So I made a little video slide show of images from the Arboretum I’ve taken in April of various years, set to three different types of music – first techno, then Vivaldi (the overexposed Four Seasons), and finally some banjo strumming.  Keep watching to see all three.

Suggestions?

I’m a beginner, so be nice.  But what do you think?  I’ve heard so far a few reactions like: “Yes, this would make me visit the Arboretum the next time I’m in D.C.” and that’s exactly the goal.  So I’ve avoided close-ups, which appeal mainly to plant geeks, and I’ve included some shots showing visitors, which according to an expert in garden tourism, is what works.  More photos with people coming.
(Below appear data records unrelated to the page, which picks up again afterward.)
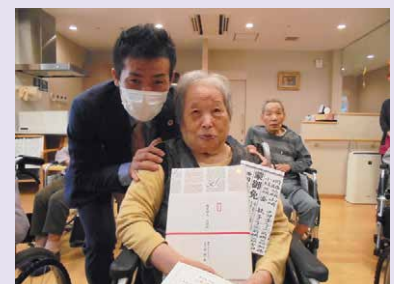
9月『元気で長生きして下さいね』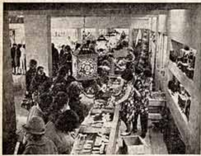
Магазин «Русские узоры».

Резные деревянные панно «Село Коломенское» выполнили мастера московского экспериментального творческого производственного объединения «Русские узоры».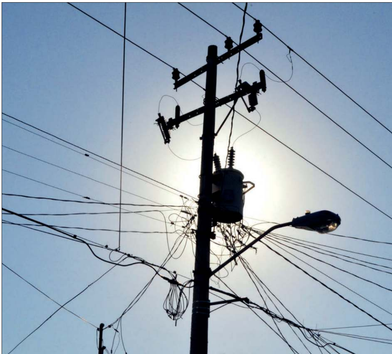
▲ Las constantes fallas en el servicio eléctrico de Carmen han provocado que vecinos inconformes bloqueen calles y avenidas de la isla, generando conflictos viales e inconformidad de los terceros afectados.

Destacó que trabajarán en una propuesta de modernización de aulas para evitar estos temas y tener a los pequeños en instalaciones adecuadas.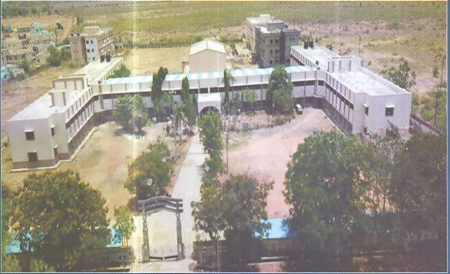
Gopal Computer, Gadchiroli 9873089391

Phone / Fax : 07132-233539 Email : pringscgadchiroli@gmail.com | Website : www.gscgadchiroli.ac.in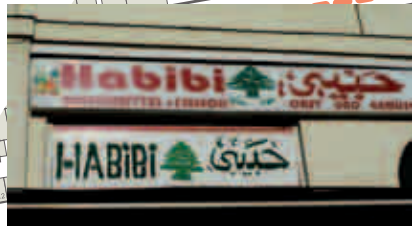
Leckeres aus dem Orient findet man bei Habibi an der Ecke Rathenower.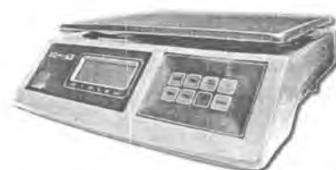
MT 30 ВЖА (5/10; 230x330)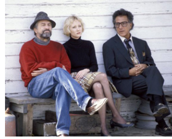
1997 DES HOMMES D'INFLUENCE (Wag the Dog) de B. Levinson avec R. De Niro, Anne Heche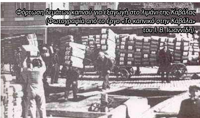
Φόρτωση δεμάτων καπνού για εξαγωγή στο λιμάνι της Καβάλας (Φωτογραφία από το έργο « Το καπνικό στην Καβάλα » του Ι. Β. Ιωαννίδη).

Εκτός από τη σημαντική ιστορική διάσταση, η καλλιέργεια του καπνού έχει προσφέρει σημαντικά οικονομικά οφέλη τόσο στον αγροτικό πληθυσμό της χώρας όσο και στην εθνική οικονομία, αποτελώντας για δεκαετίες το κυρίαρχο εξαγωγικό αγροτικό προϊόν της χώρας.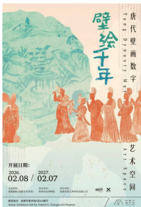
▲ 壁绘千年——唐代壁画数字艺术空间展海报。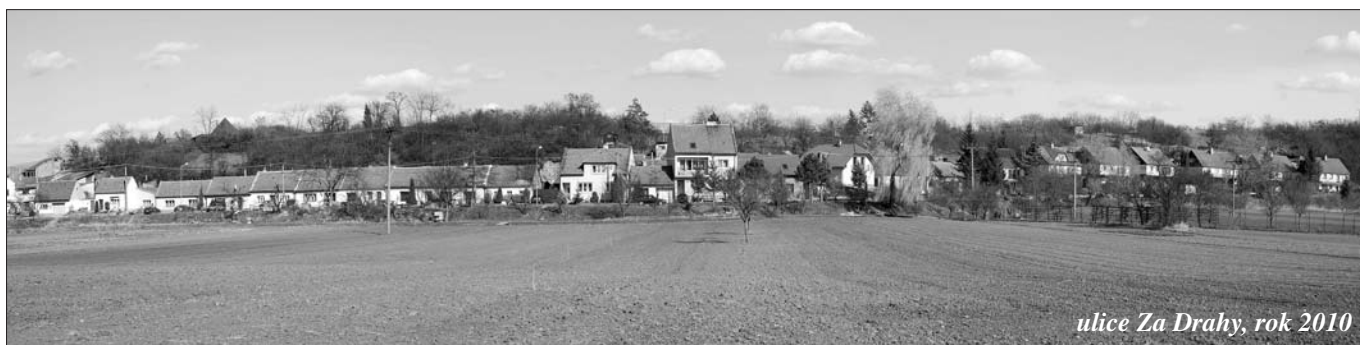
ulice Za Drahy, rok 2010

zemědělských usedlostí. Zde se mlátivalo obilí drobným hospodářům. Za kostelem, kde dnes stojí škola, pole zvaná Zákostelí . Od Markového k parku u sv. Jána zván Rajčurňa – vojsko zde cvičovalo koně a je to moc dávno, jak píše kronika.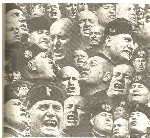
Page 439, photomontage pour le dixième anniversaire de la révolution fasciste, Rome, Institut Luce, 1932.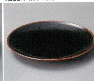
29017-011 ゆず天目10.0皿 4,500円 (31×4.2cm)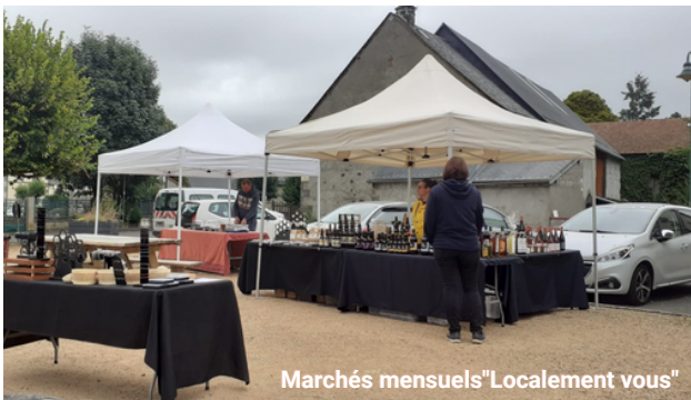
Marchés mensuels "Localement vous"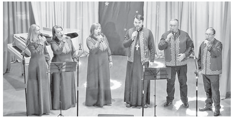
Коляда «Розкрило небо» у виконанні ансамблю «Домінанта»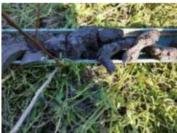
216. ábra: PT43 – 3. részlet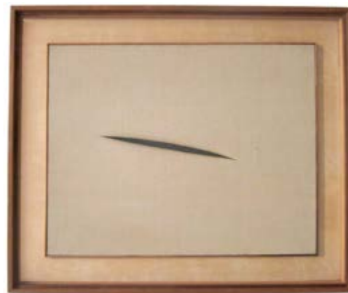
Lucio Fontana, Spatial Concept "Waiting", 1960, Tate Modern.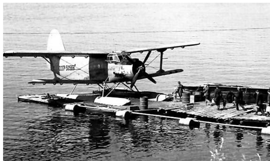
1975 год. Ан-2 гидро-вариант. Первые такие самолёты Тазовский аэропорт получил в 1968 году

Тот ледокол прошёл только до «Пуровских» вех, а в январе 1943 года, когда лёд окреп,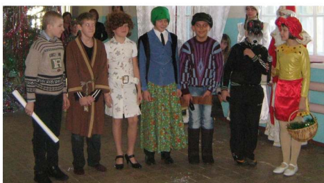
Угадайте, кто есть кто?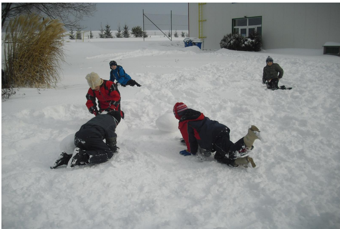
„Když jsou u nás cesty zavátý“ – spolupráce při pohybových činnostech na sněhu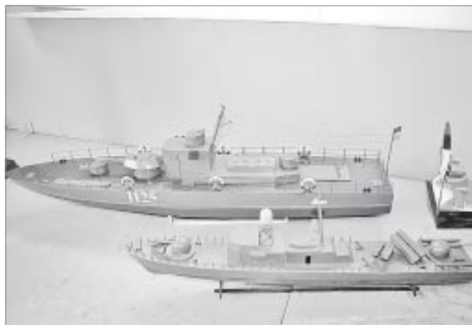
Катер-1125 - так называемый «плавающий танк» и ракетный катер времен Великой Отечественной войны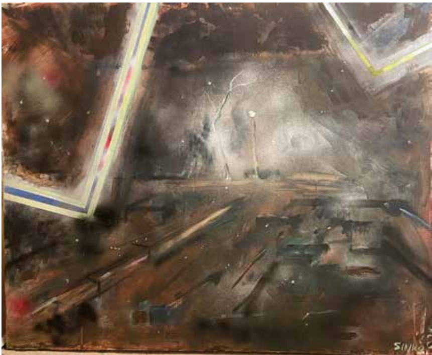
Talált táj, 2022, akril, vászon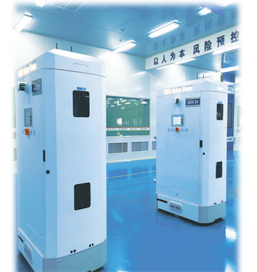
国家电投黄河公司西宁太阳能分公司IBC电池制造车间内的运输机器人。

登上产业高峰，亚洲铝业的目标更加鲜明：全力践行创新驱动发展战略，以减碳为抓手，赋科技创新之力，在绿色制造上达到新高度，大力推进智能制造，在能耗和产品质量上全面超越国际一流竞争对手。为地方跨越发展增添更多绿色增长经济“新引擎”，为人类提供清洁能源，为我国半导体产业崛起添砖助力。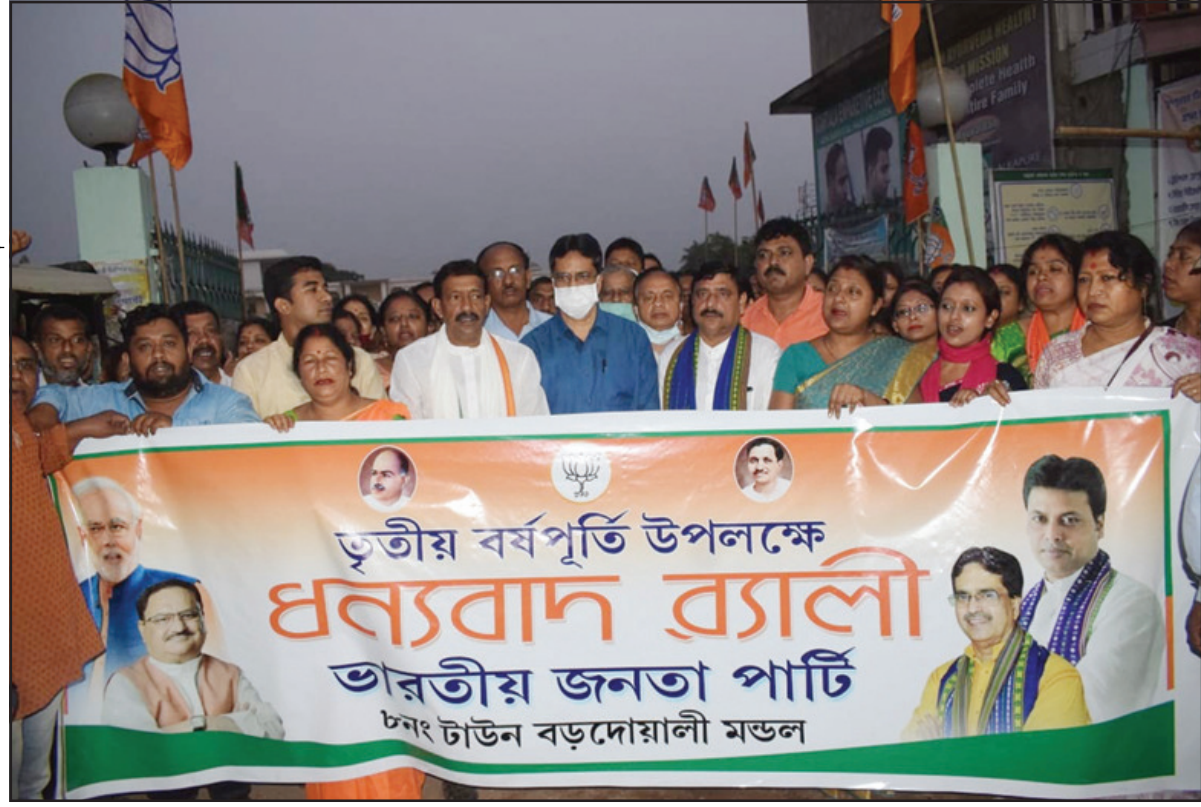
রাজ্য সরকারের তৃতীয় বর্ষপূর্তি উপলক্ষে বড়দোয়ালী বিজেপি বড়দোয়ালী মন্ডলের উদ্যোগে ধন্যবাদ ব্যালী করা হয়।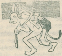
ღანჩხუთის ვაჭართა შორის.

ერისტომ უთხრა სილოვანს: პავლიამ შეგვიცდინაო, კვირის ვაჭრობაც ვგვიშა ტყუილათ შეგვარცხინაო. წყუელიც იუოს მარადის ეგ ჯიბგირი და ქურდლიო სულ ყველას როგორ ენდობა ვისაც ახურავს ქულიო“.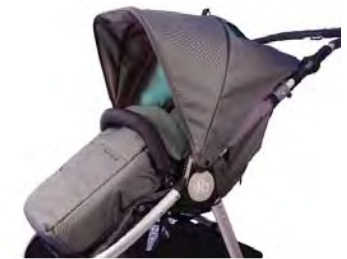
Footmuff & Liner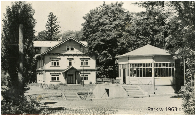
Park w 1963 r.

Pijalnię wód wzniesiono w 1861 roku. Obiekt początkowo został wybudowany w stylu uzdrowiskowym. Postawiono go na ośmiobocznym murowanym cokole zagłębionym poniżej poziomu otaczającego go terenu. Przed wejściem znajdował się placzyk, a na wyższej kondygnacji drewniana ażurowa altana z dachem, która służyła jako taras dla orkiestry.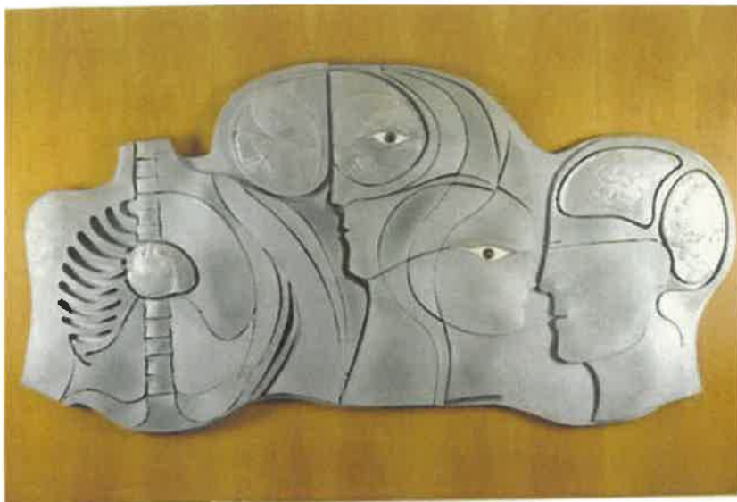
1983 Starostlivosť, reliéf pre kanceláriu riaditeľa DFN Kramáre, oceľ-hydrónárium, 70x180cm (fk, f)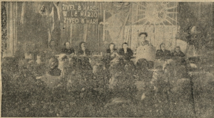
Delegatke so z zanimanjem sodelovale pri delu Kongresa

Iz referata tov. Reschitzove smo spoznale žalosten in težak položaj, v katerem se danes nahaja delovno ljudstvo v Trstu. V družinah vladata beda in lakota, kajti, kjer gospodar dela, njegov zaslužek od daleč ne zadostuje potrebam. Slovenski jezik je preganjan in zaničevan, kot se je to zgodilo v času fašistične Italije. Slovenske šole, kjer sploh še obstojajo, so potisnjene v najslabše prostore. Prav tako so preganjani in izpostavljeni napadom terorističnih tolp vsi oni, ki v Trstu nadaljujejo borbo za doseg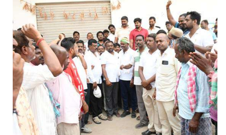
అక్షర విజేత వనపర్తి ప్రతినిధి

గత వారంలో రోజులుగా గంజి దగ్గర ఉండే బజారు హమాళీలు తమ సమస్యలపై అఖిలపక్ష ఐక్యవేదికను సంప్రదించగా, రెండు రోజుల క్రితం వారి వద్దకు వెళ్లి వారి సమస్యలను పత్రిక ముఖంగా ఎమ్మెల్యేకు జిల్లా కలెక్టర్ కి విన్నవించడం జరిగింది.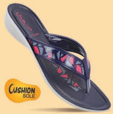
[ WL7122 | ₹ 269.00* ]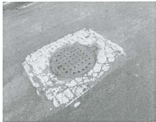
En estas fotografías se aprecia daño en Losa de Concreto de Resistencia F'c = 150 \text{ Kg/cm}^2 T.M.A 3/4"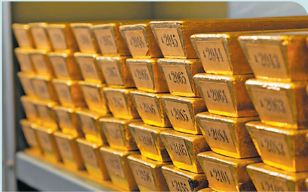
▲黃金具備避險屬性，所以每當地緣政治風險上升，市場對黃金的需求都會增加，從而為金價帶來支持。

近期黃金盤中一度突破每盎司2480美元，創出新高。在「降息」與「特朗普2.0」這兩個互相矛盾的交易邏輯影響下，黃金價格表現優異，再度凸顯其「進可攻、退可守、長期有空間」的優良配置屬性。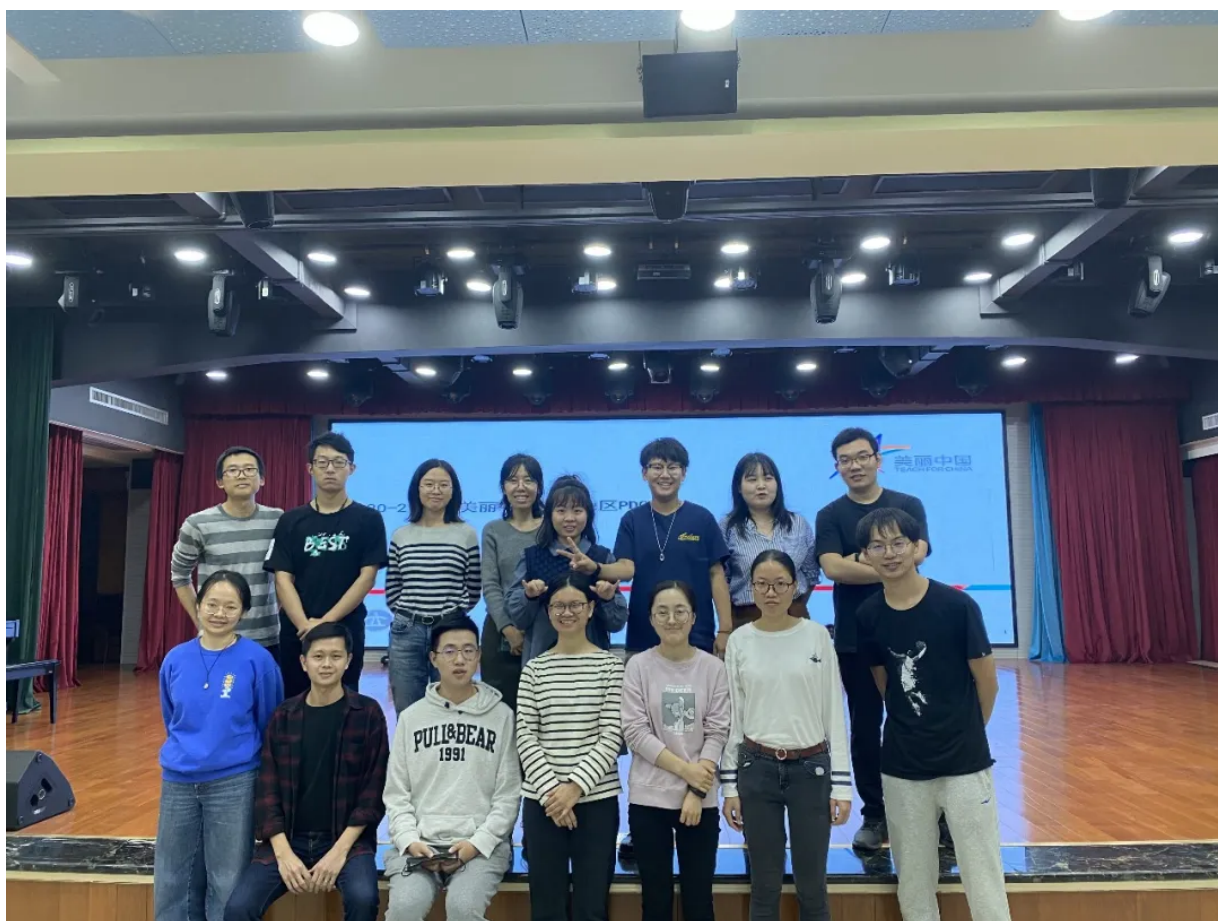
韶关地区项目老师合影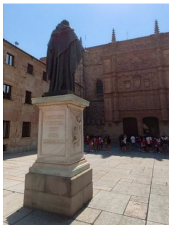
Figuras 5 y 6. Monumento a fray Luis de León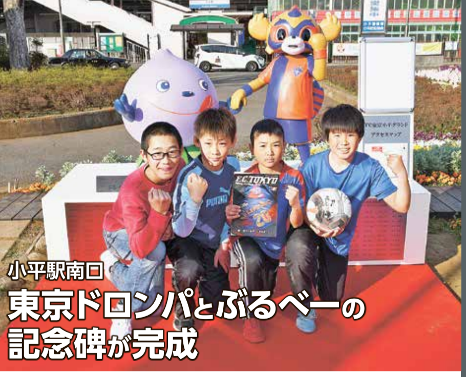
小平駅南口 東京ドロンパとぶるべーの 記念碑が完成

市内に練習グラウンド(小平グラウンド)があるプロサッカーチーム・FC東京のクラブ創設20周年を記念して、最寄り駅の小平駅南口に記念碑(モニュメント)を設置しました。設置にあたり、200万円を目標に寄付を募り、目標額を上回る寄付が集まりました。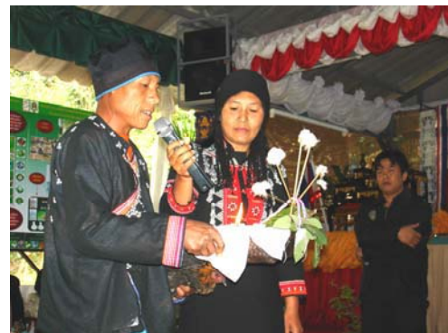
สาธิตการดูแลรักษาสุขภาพด้วย “พิธีกรรมสู่ขวัญ” ในงานมหกรรม 5-9 มกราคม 2550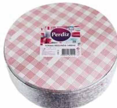
Forma Redonda Round Form Formes Tour Forma Redonda

2200 ml - 25 un Un. p/Cx: 1x12 Cód.: 5600441619332

Musically, these examples are up-tempo.  And boy, is it hard to find music that’s free AND legal, and also the exact right length.  So you might have noticed that the music ends abruptly?  I’ve downloaded an audio-editing program so I can learn to fade out at the end.  The video editing programs used here are Youtube’s own in one example, and PhotoStage in the other two, if memory serves.

I’m also trying different effects, which is fun, and figuring out the right export and upload formats, which isn’t.  So if anybody has some experience with videos, I’d love your advice offline.

Posted by on April 4, 2014 at 9:06 am, in the category Real Gardens, What's Happening.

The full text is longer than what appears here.